For the inductive step, fix $k \ge 1$, suppose that $g(i) = f(i)$ for $i \le k+1$, and consider $g(3k), g(3k+1), g(3k+2), g(3k+3)$. We have $g(3k) = 3g(k) = 3f(k)$, and $g(3k+3) = 3f(k+1)$. By (5), there are two cases:
If $f(k+1) - f(k) = 1$, for $g$ to be strictly increasing we must pick $g(3k+1) = 3f(k) + 1$, and $g(3k+2) = 3f(k) + 2$. In particular $g(3k+1) = f(3k+1), g(3k+2) = f(3k+2)$.
If on the other hand $f(k+1) - f(k) = 3$, for $g$ to be surjective onto multiples of $3$ we must pick $g(3k+1) = 3f(k) + 3$, $g(3k+2) = 3f(k) + 6$. In particular $g(3k+1) = f(3k+1), g(3k+2) = f(3k+2)$.
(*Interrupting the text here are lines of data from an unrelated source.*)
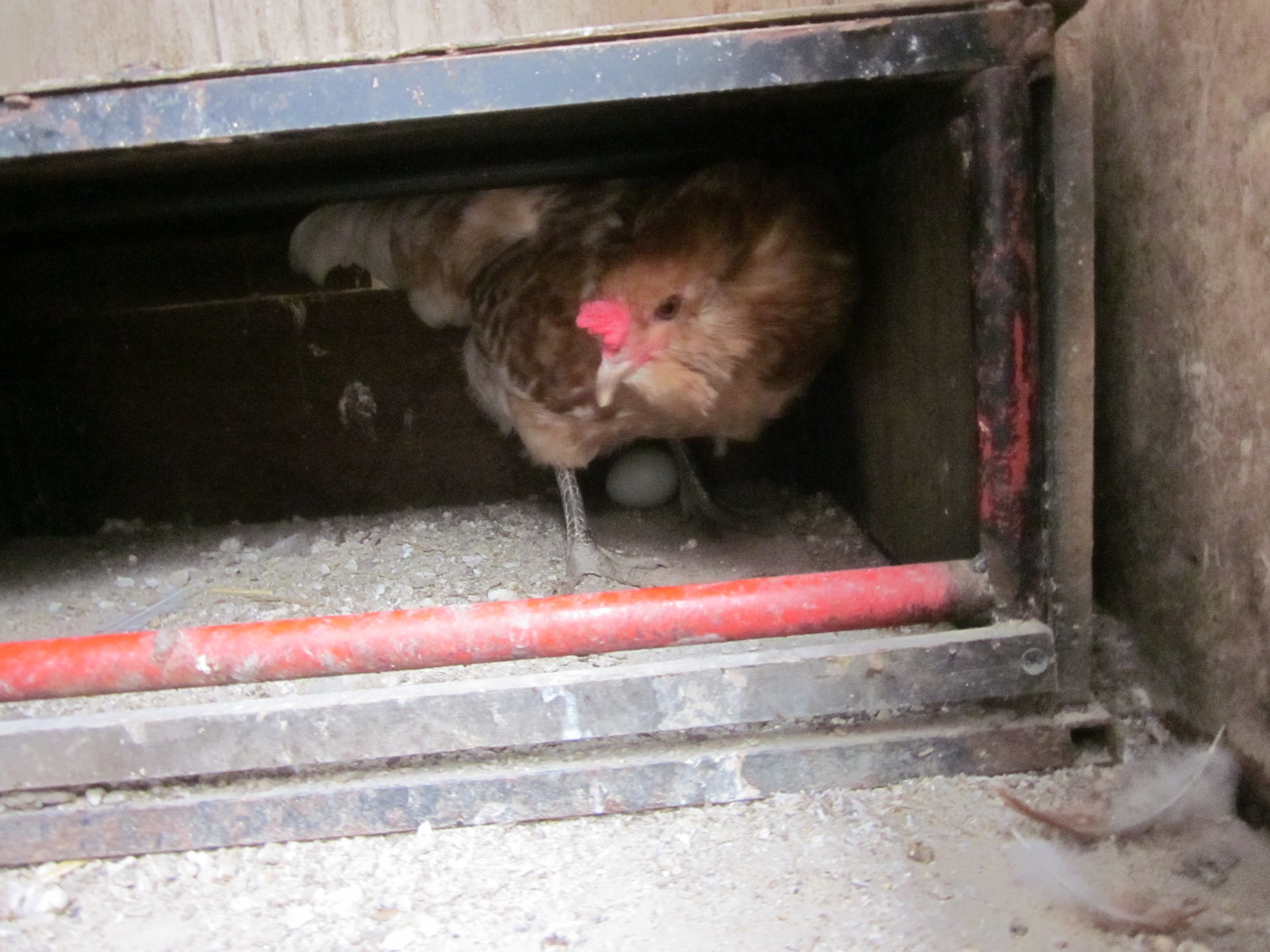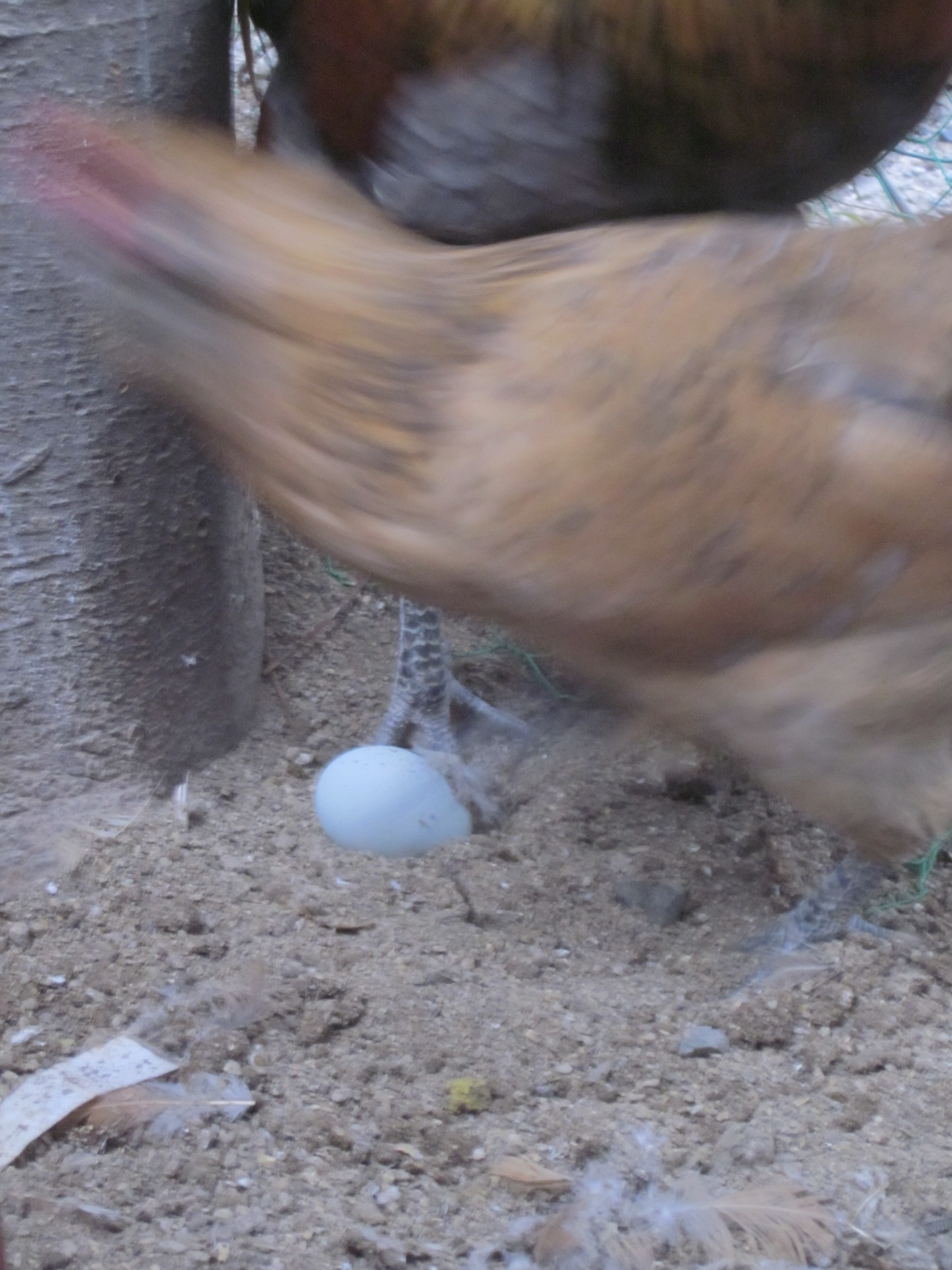 地べたに産む雌鶏もいます、 巣箱で産めばいいのに、 躾を厳しくしなくてはいかないかもね、
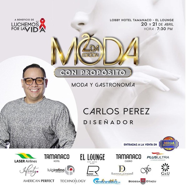 Presente en nuestra segunda edición de @modaconpropositoplus nuestro querido diseñador @carlosperezofficial este 20 y 21 de abril en el @elloungeccs del @hoteltamanaco entradas a la venta por @megaboletos a beneficio de @acluchemosporlavida @fundaluchemosvidausa
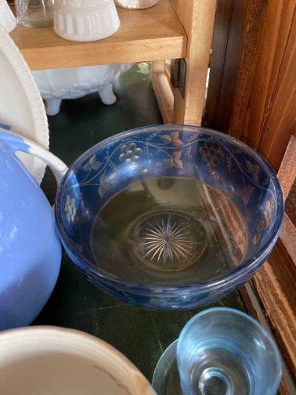 Lot 17L. Collection of blue glassware, 5 bud vases, Hall blue ceramics, blue plate, etc.--Was $95 - -NOW $48
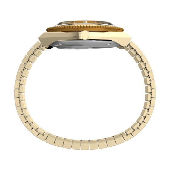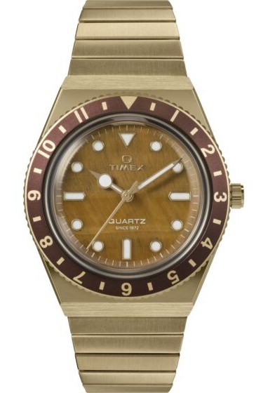 This Timex watch features a reliable quartz analog movement with a brown tiger eye stone dial and iconic rotating bezel in a vintage inspired design.
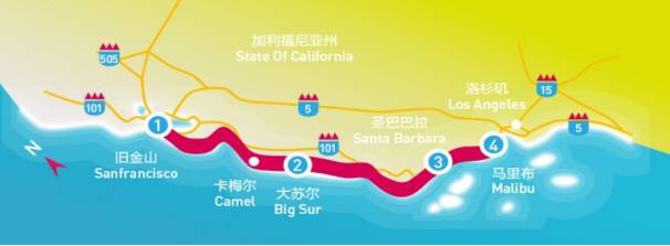 • 加州1號(hào)公路—丹麥村—圣塔芭芭拉—圣塔莫妮卡—洛杉磯
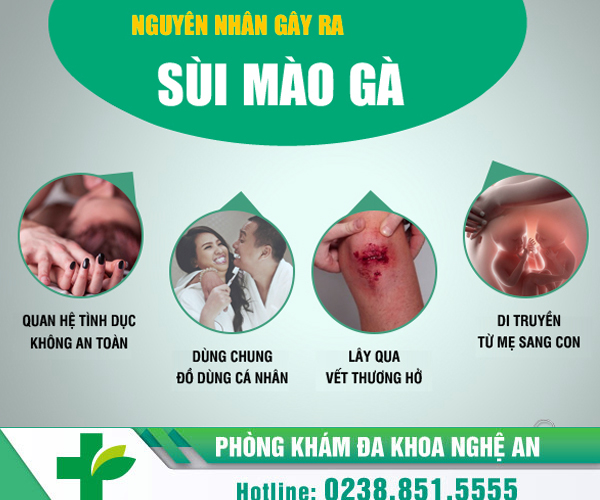 Sùi mào gà (mụn cóc sinh dục) là bệnh lây truyền qua đường tình dục (STDs) phổ biến do virus HPV (Human Papillomavirus) gây ra, đặc trưng bởi các nốt sùi mềm, màu da hoặc hồng nhạt giống mào gà/súp lơ ở bộ phận sinh dục, hậu môn,…Căn bệnh này có thể lây nhiễm từ người này sang người khác qua nhiều con đường khác nhau. Cụ thể nguyên nhân bị mắc bệnh sùi mào gà là:
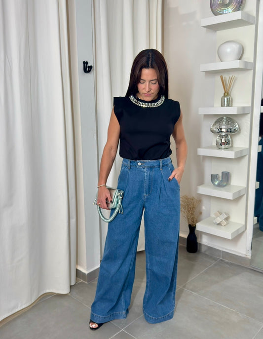 Rhinestone Embroidered Neck Top
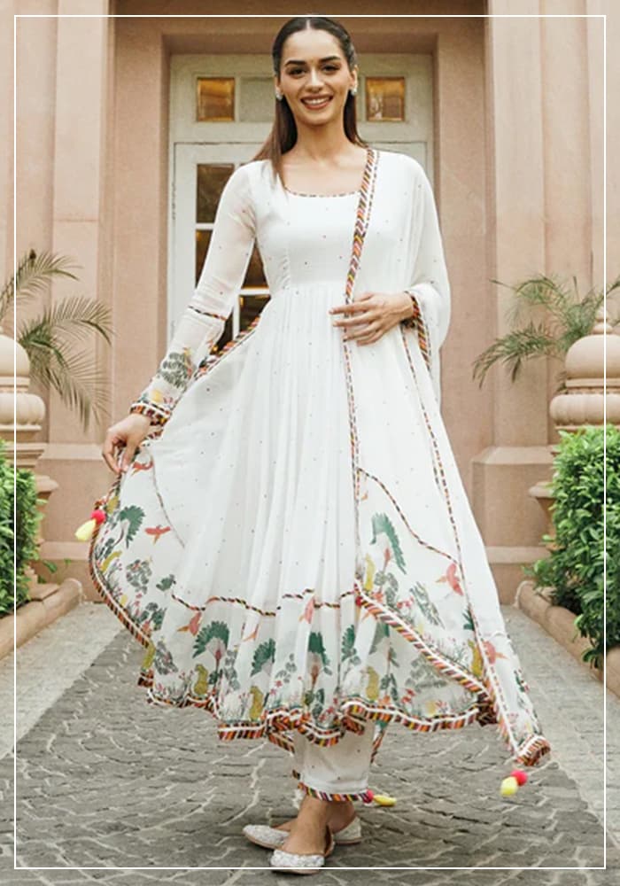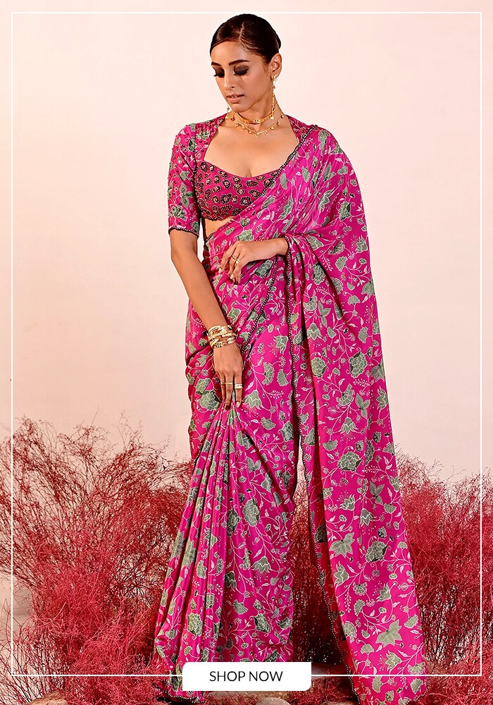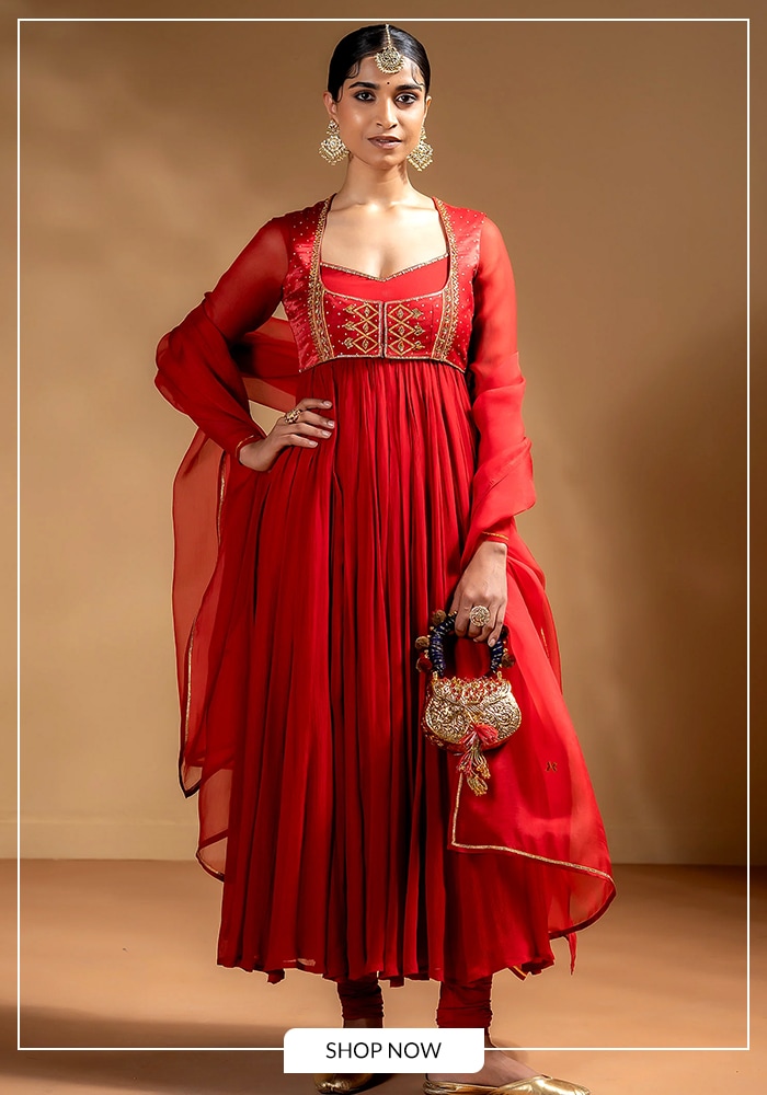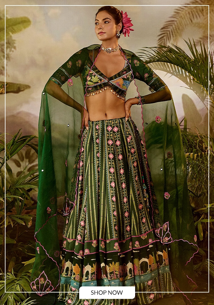 You will find a strong focus on Anarkali sets, sweeping lehengas, elegant sarees, and modern co-ords. The label frequently uses lush floral prints and Bandhej-inspired motifs to create visual interest. Rather than heavy zardozi, they opt for soft, delicate embellishments that catch the light gently.
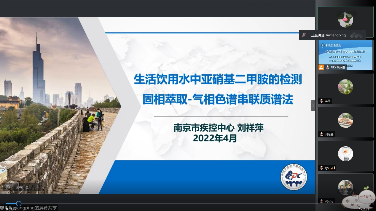 4月28日下午,南京市疾病预防控制中心主任技师刘祥萍博士应邀为我校师生作题为《生活饮用水中亚硝基二甲胺的检测——固相萃取-气相色谱串联质谱法》的线上学术讲座。讲座由理学院李静副教授主持,理学院、动物科学与食品工程学院以及相关学院师生线上聆听。
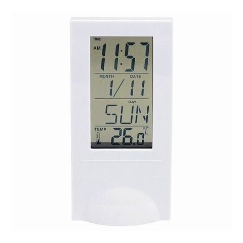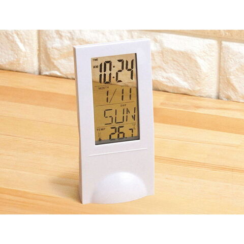 時刻が浮いて見える-ちょっと不思議な置時計。背面のボタンで時間やアラームをセット。お部屋になじむシースルーディスプレー。時刻・日付表示・アラーム・タイマー・温度計。

So this completes the induction.
As per Akiva Weinberger's comment, we have that $f(1) = 2, f(3) = 6$ and $f(6)=9$. As $f$ is increasing, this forces $f(4)=7$ and $f(5)=8$.
As $f(7)=f(f(4))=3\cdot4=12$, we have $f(12)=3\cdot7=21$. Similarly, $f(9)=f(f(6))=18$. So we have: $$f(9)=18<f(10)<f(11)<f(12)=21$$ giving $f(10)=19, f(11)=20$.
Then $f(20)=f(f(11))=33$ and $f(21)=f(f(12))=36$
So $$f(33)=f(f(20))=60<f(34)<f(35)<f(36)=f(f(21))=63$$ Which forces $f(34)=61$.
So, $f(60)=f(f(33))=99$ and $f(61)=f(f(34))=102$.
Finally, $$f(99)=f(f(60))=180<f(100)<f(101)<f(102)=f(f(61))=183$$ and so $$f(100) = 181$$
The main idea used in this solution is that if for some $k$, $f(k+1) = f(k)+1$, then $$f(3k)=f(f(f(k)))=3f(k)<f(3k+1)<f(3k+2)<f(3k+3)=f(f(f(k+1)))=3f(k+1) =3(f(k)+1) = 3f(k) +3$$ so $f(3k+1)=f(3k)+1$ and $f(3k+2)=f(3k)+2$. As a direct corollary, if we can apply this to $k$, we can also apply it to $k'=3k, 3k+1$ or $3k+2$.